On the heels of the Ivy League implementing a moratorium on all athletics until January in response to the growing number of COVID-19 cases across the United States, the Big Ten has announced that they will eliminate non-conference matchups for all fall 2020 sports seasons and limit their member teams to conference-only schedules.
Why cancel the non-conference matchups? Likely to reduce the need for air travel as teams often have to fly to face non-conference opponents based outside their region, which would increase their chances of being exposed to COVID-19. In theory, games against other Big Ten opponents should allow teams to only have to travel by bus, which would seem to present less risk.
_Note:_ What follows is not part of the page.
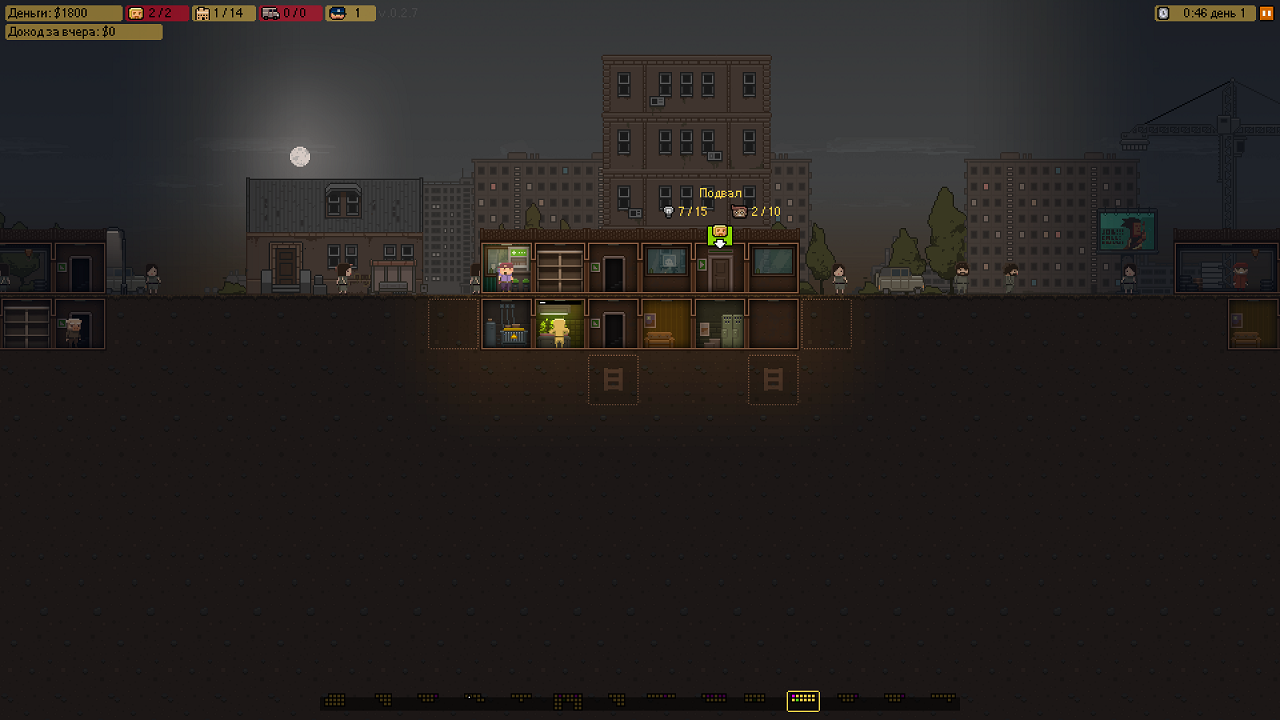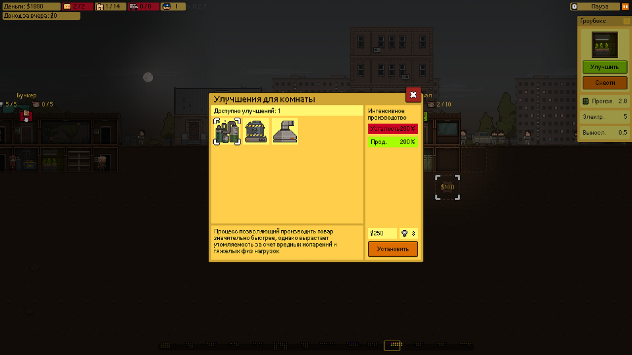 Графика выполнена в стиле пиксель арта, действия все наблюдаются как бы со стороны, в разрезе. Все иконки, истории, персонажи и отделения лаборатории выстроены из небольших пикселей. Такой оформление создано для того, чтобы передать атмосферу игры, мы видели такое в подобных проектах, но еще ни разу никто не додумывался сделать все это под землей. Что касается комнат, то их можно улучить и расширить ровно два раза, при наличии необходимых финансов, конечно. В игре есть 4 типа товара, постепенно все это будет расширяться, но пока что мы может производить 4 вида различных видов наркотиков.

The unprecedented decision will remove home football games against Florida Atlantic, Tennessee Tech, and BYU from the Gophers’ fall slate. Instead, Minnesota would open the season against Iowa on Saturday, Sept. 18, at TCF Bank Stadium. But there are rumors that the Big Ten is considering shifting to a 10-game conference schedule, so that could change.
I am curious to see what the financial impact will be from losing three homes games. It would certainly represent a loss of revenue, although whether fans would have even been allowed to attend those games is questionable. But will Minnesota be able to withdraw from the contracts for those games without having to pay a penalty?
At this point I can’t say I have much confidence that we’ll see any college football played this fall. This may be the Big Ten’s first move in trying to hold a season while also limiting the risk of exposing student-athletes, coaches, and staff to COVID-19, but I suspect it will not be their last as the start of the season draws closer and the obstacles become more defined.
The possibility of no college football in 2020 is very real, and I am as depressed at having to to type those words as you probably are at having to read them.